The following snippet prints out the table. The idiom show T from t is a way of telling Lean that term t should have type T. Writing @id T t has a similar effect, as does writing (t : T). (A difference is that the first two expressions have type T exactly, whereas (t : T) ensures that t has a type that Lean recognizes as being equivalent to T.)

#eval show IO Unit from do
  for i in [:10] do
    for j in [:10] do
      let numstr := toString mulTable[i][j]
      -- print 1-3 spaces
      IO.print $ " ".pushn ' ' (3 - numstr.length)
      IO.print numstr
    IO.println ""

3.5. Exercises

  1. Using operations on List, write a Lean function that for every \(n\) returns the list of all the divisors of \(n\) that are less than \(n\).

  2. A natural number \(n\) is perfect if it is equal to the sum of the divisors less than \(n.\) Write a Lean function (with return type Bool) that determines whether a number \(n\) is perfect. Use it to find all the perfect numbers less than 1,000.

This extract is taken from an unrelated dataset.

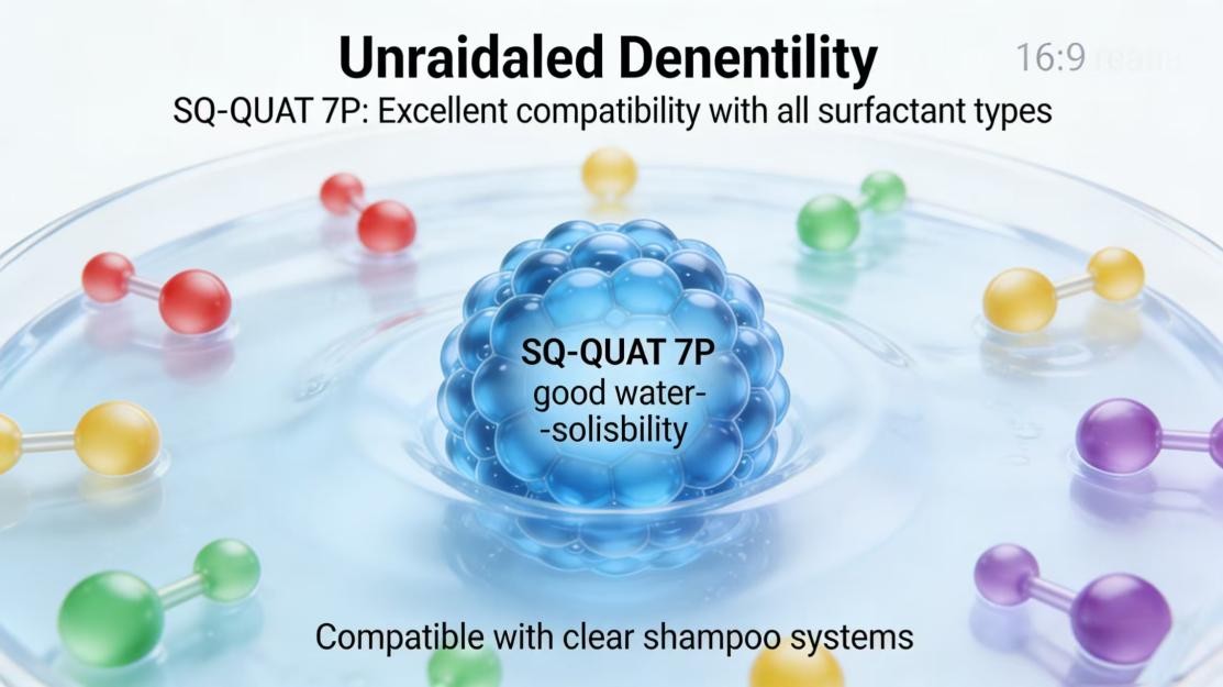 В сложных системах шампуней «гармоничное сосуществование» ингредиентов является ключом к успеху рецептуры. SQ-QUAT 7P обладает хорошей растворимостью в воде и хорошо совместим с анионными, катионными, неионными и амфотерными поверхностно-активными веществами. Это дает разработчикам рецептур большую гибкость, позволяя легко включать его в любую систему (будь то прозрачная или перламутровая эмульсия), не беспокоясь о потере стабильности или эффективности, обеспечивая стабильную текстуру и превосходные характеристики конечного продукта.

  3. Define a recursive function \(\fn{sublists}(\ell)\) that, for every list \(\ell\), returns a list of all the sublists of \(\ell\). For example, given the list \([1, 2, 3]\), it should compute the list

    \[[ [], [1], [2], [3], [1,2], [1,3], [2, 3], [1, 2, 3] ].\]

    The elements need not be listed in that same order.

  4. Prove in Lean that the length of \(\fn{sublists}(\ell)\) is \(2^{\fn{length}(\ell)}\).

  5. Define a function \(\fn{permutations}(\ell)\) that returns a list of all the permutations of \(\ell\).

  6. Prove in Lean that the length of \(\fn{permutations}(\ell)\) is \(\fn{factorial}(\fn{length}(\ell))\).

  7. Define in Lean a function that, assuming \(\ell\) is a list of lists representing an \(n \times n\) array, returns a list of lists representing the transpose of that array.

  8. Write a program that solves the Tower of Hanoi problem with \(n\) disks on the assumption that disks can only be moved to an adjacent peg. (See Section 2.5.)

  9. Write a program that solves the Tower of Hanoi problem with \(n\) disks on the assumption that disks can only be moved clockwise. (See Section 2.5.)

  10. Define a Lean data type of binary trees in which every node is numbered by a label. Define a Lean function to compute the sum of the nodes in such a tree. Also write functions to list the elements in a preorder, postorder, and inorder traversal.